For most farmers and ranchers, nothing has changed except for an increase in the amount of traffic on a majority of roadways. With urban development moving closer to agricultural operations in recent years, there is an increased risk of motor vehicle accidents involving farmers and non-farmers.
Statistics provided by the Oregon Department of Transportation (ODOT) show that, in the past 10 years, there have been 464 accidents involving either farm equipment or motor vehicles licensed as farm plated trucks. As a percentage of all motor vehicle accidents in Oregon in that time frame, that may not seem like very many. But for the victims of those crashes- and their families- a single accident is one too many. Three years ago, Jack and Arlene Gourley lost their 16-year old son Nathan when he was hit by a passing log truck while driving a hay wagon at the family dairy near Scio. Because the hay wagon contained a cab in which Nathan sat, the consequences of the accident fell short of those had he been riding an old John Deere tractor without a cab. As a result, "Nathan's Law" was passed by lawmakers in the 2009 legislative session, giving another compelling reason for motor vehicle drivers to pay more attention when they see farm equipment on the road.
Under the law, the definition of "vulnerable user of public way" includes any farm tractor or implement involved in agricultural activity, along with pedestrians and bicyclists. Prior to its passage, only those tractors "without an enclosed shell" fell into that category. Drivers of tractors or farm vehicles with an enclosed cab were not given the same legal protection even though most tractors, combines, and newer farm equipment now fit that description. The law also increased penalties for careless and reckless driving near and around all tractors.
This year, Oregon Women for Agriculture has teamed up with Fisher Farm & Lawn to provide 400 double-sided signs that advise motorists to share the road and give farm vehicles extra room, especially now when farm machinery is moving from field to field or hauling crops to local warehouses. The signs, which read "Please drive carefully, harvest machinery on roadways," are free to anyone who wants to post it on their property along roadways. They just need to provide their own support posts for the signs.

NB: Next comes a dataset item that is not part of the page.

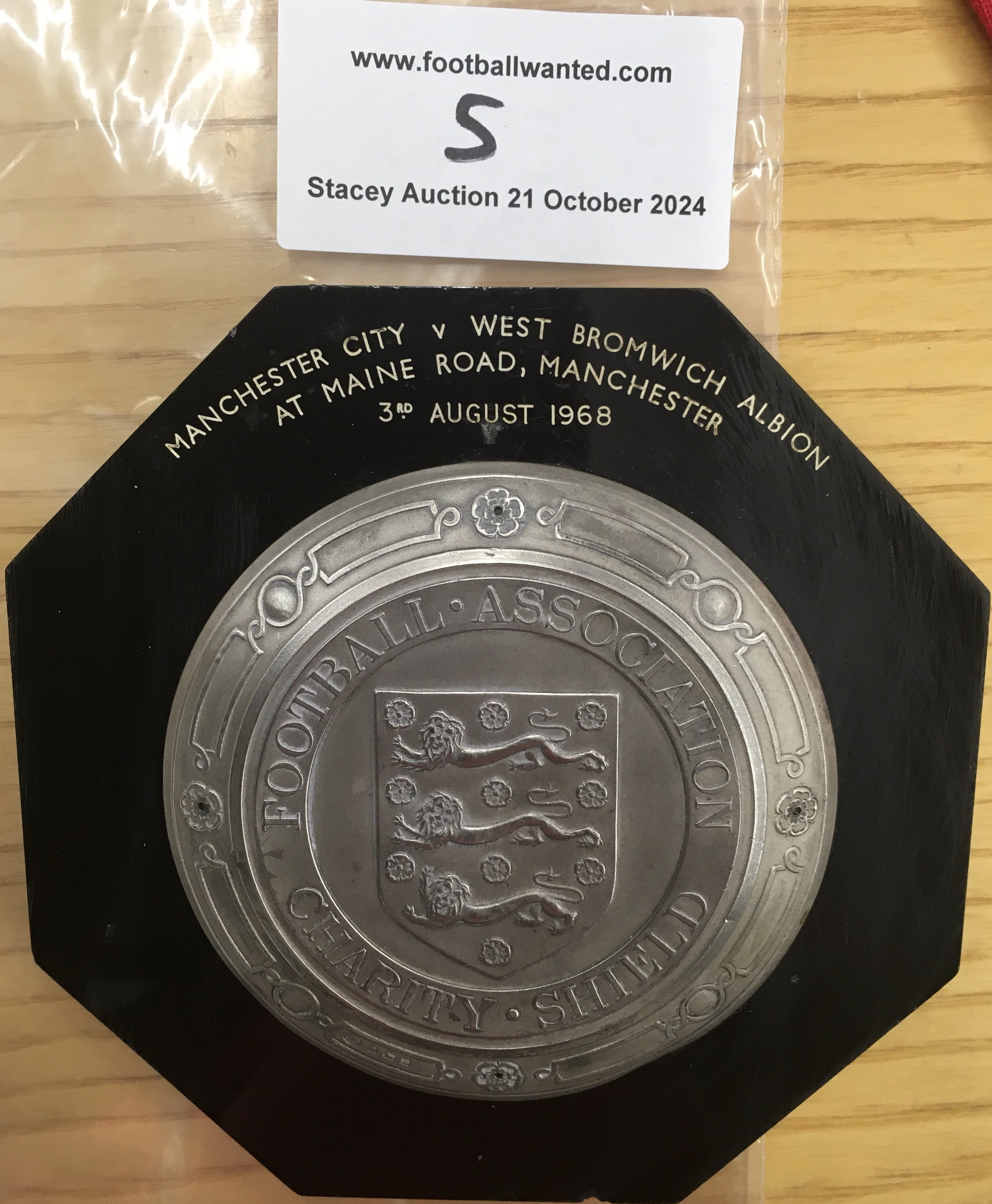 West Brom 1968 Charity Shield Players Plaque: Issued to John Kaye for playing in defeat to League Champions Manchester City at Wembley. Match details to outer with metal middle stating Football Association Charity Shield.
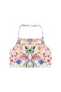 Designed In Australia. The Monserrate Magic Kids Halter Crop in stretch jersey4-10 features a white base adorned with butterflies, leopards, and intricate details reflecting the palace's exotic gardens and the eclectic architecture reflecting Sintra.

Every summer, ODOT provides tips for motorists who may come across farm vehicles through harvest season.
"We often forget that farmers have as much right to use the roads as the rest of us," says Walt McAllister of ODOT's Safety Division and a weekend farmer. "Not only are they on the road legally, but their equipment can be far wider than what we're used to seeing, and they can usually only go 15 to 25 miles per hour."
Among the advice for general motorists:
Don't assume the farmer knows you're there and don't assume the farmer can immediately move aside to let you pass
A farmer understands that your trip is being delayed; he or she will pull off the road at the first available safe location to allow you to pass
Even if you have to slow down to 20 mph and follow a tractor for two miles, it takes only six minutes of your time, which is approximately the same as waiting for two stoplights
Pass with caution and don't pass unless you can see clearly ahead of both you and the vehicle you will pass. Be watchful of vehicles behind you that may also try to pass
Don't assume a farm vehicle that pulls to the side of the road is turning or letting you pass. Due to the size of some farm implements, the farmer must execute wide turns in both directions
Oregon law requires farmers to clearly identify slow moving vehicles with reflectors, turn on lights, avoid the roadway during rush hours, bad weather, and at night, and use pilot cars, one in front and one in back, if they are going a considerable distance.
With common sense and caution, this summer can be travel-safe for everyone on and off the farm.